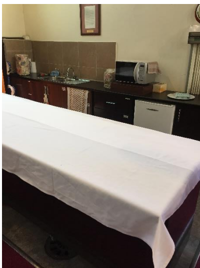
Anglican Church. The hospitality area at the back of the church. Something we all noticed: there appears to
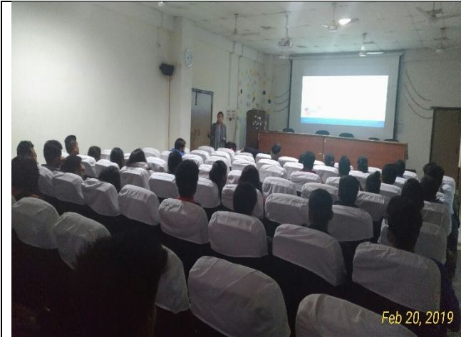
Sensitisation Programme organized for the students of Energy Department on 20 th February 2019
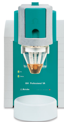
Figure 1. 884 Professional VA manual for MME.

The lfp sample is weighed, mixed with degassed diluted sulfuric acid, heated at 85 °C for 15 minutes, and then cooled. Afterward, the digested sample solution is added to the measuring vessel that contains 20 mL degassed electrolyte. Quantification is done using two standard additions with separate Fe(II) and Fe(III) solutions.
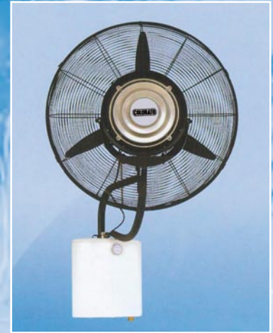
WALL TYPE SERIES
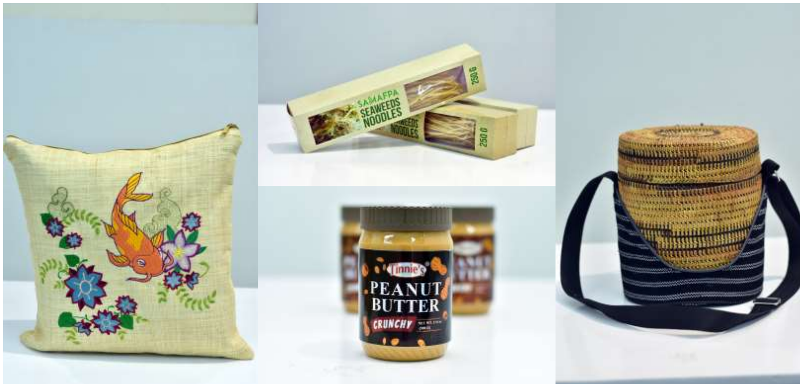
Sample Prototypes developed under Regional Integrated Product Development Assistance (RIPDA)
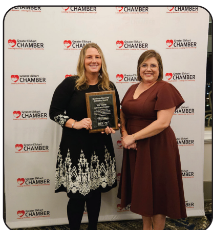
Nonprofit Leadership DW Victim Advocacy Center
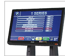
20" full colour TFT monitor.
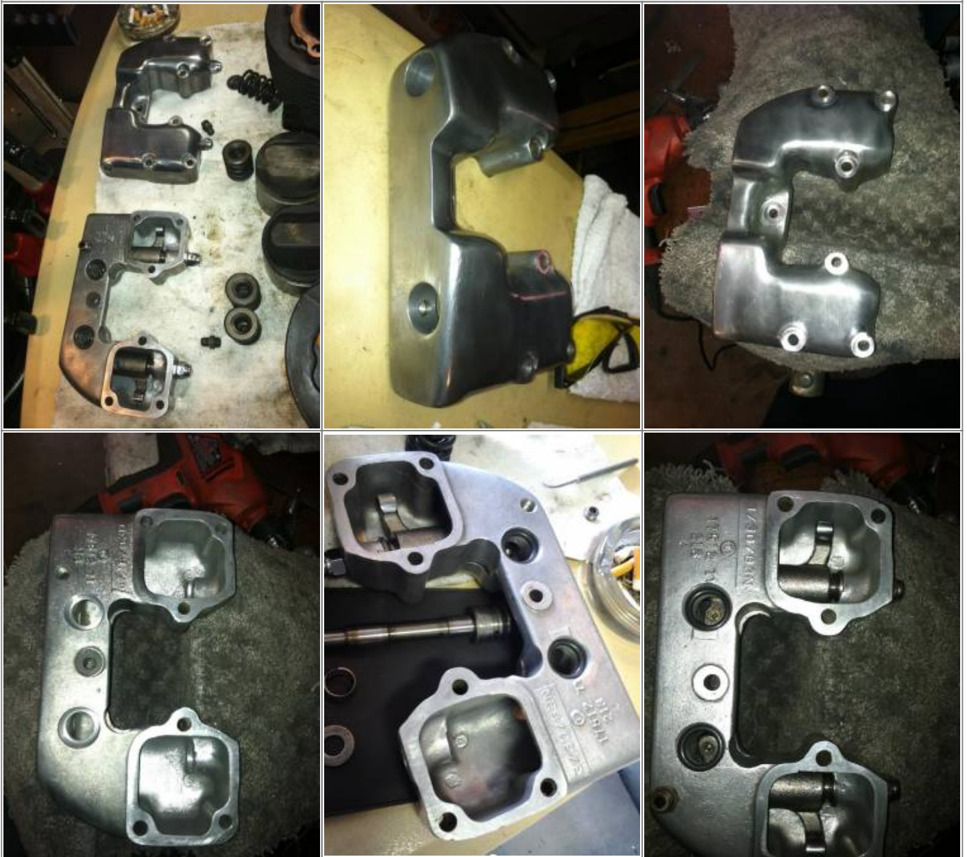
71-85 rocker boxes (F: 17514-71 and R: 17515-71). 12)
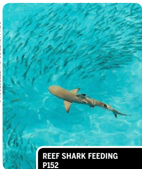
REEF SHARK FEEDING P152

----------

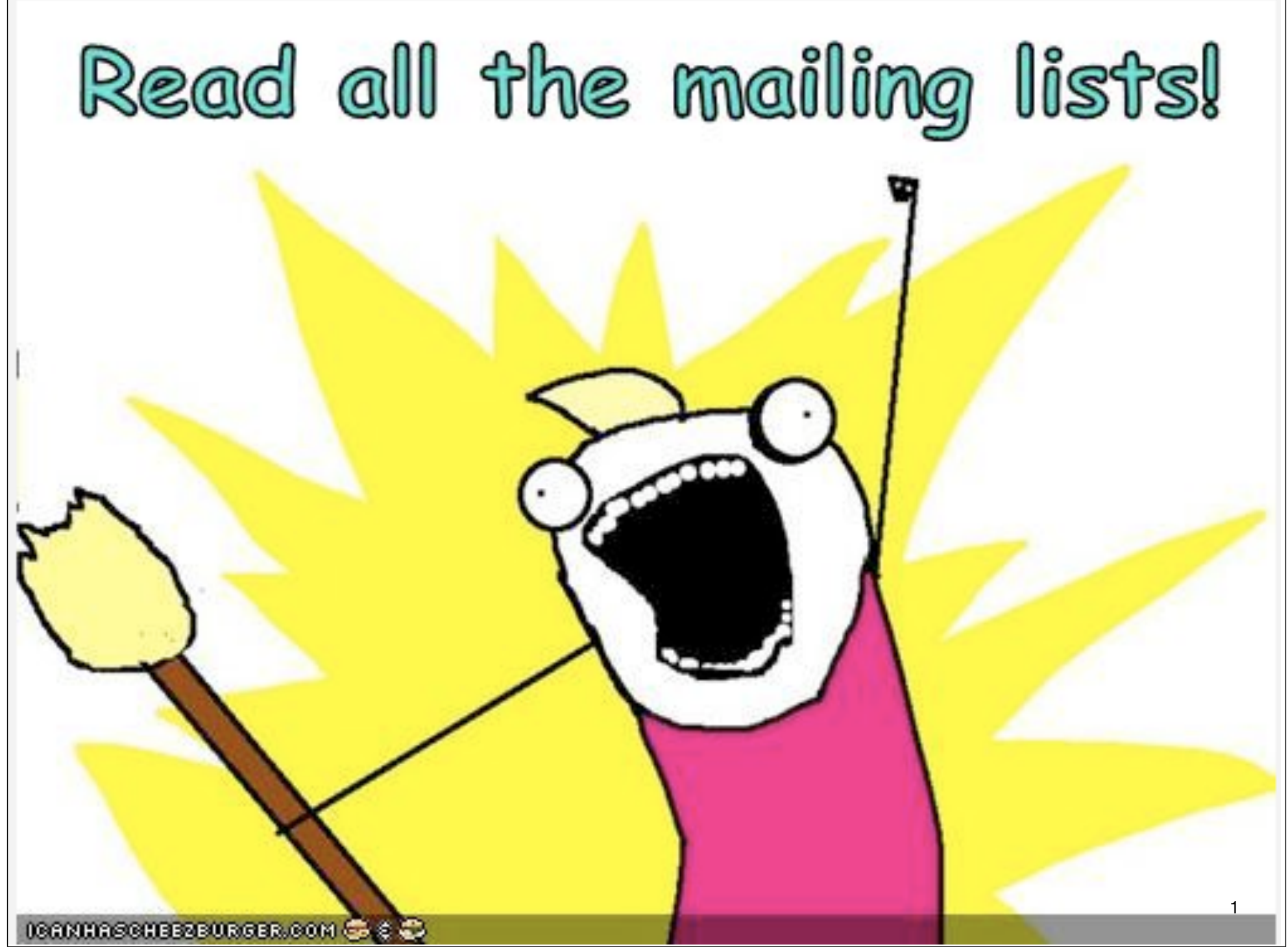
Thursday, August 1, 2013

----------

The response must repeat exactly the lines above from the one with "71-85 rocker boxes" through the one with "REEF SHARK FEEDING P152", including both, and must contain no pictures and no other text.

- Answer space
71-85 rocker boxes (F: 17514-71 and R: 17515-71). 12)
REEF SHARK FEEDING P152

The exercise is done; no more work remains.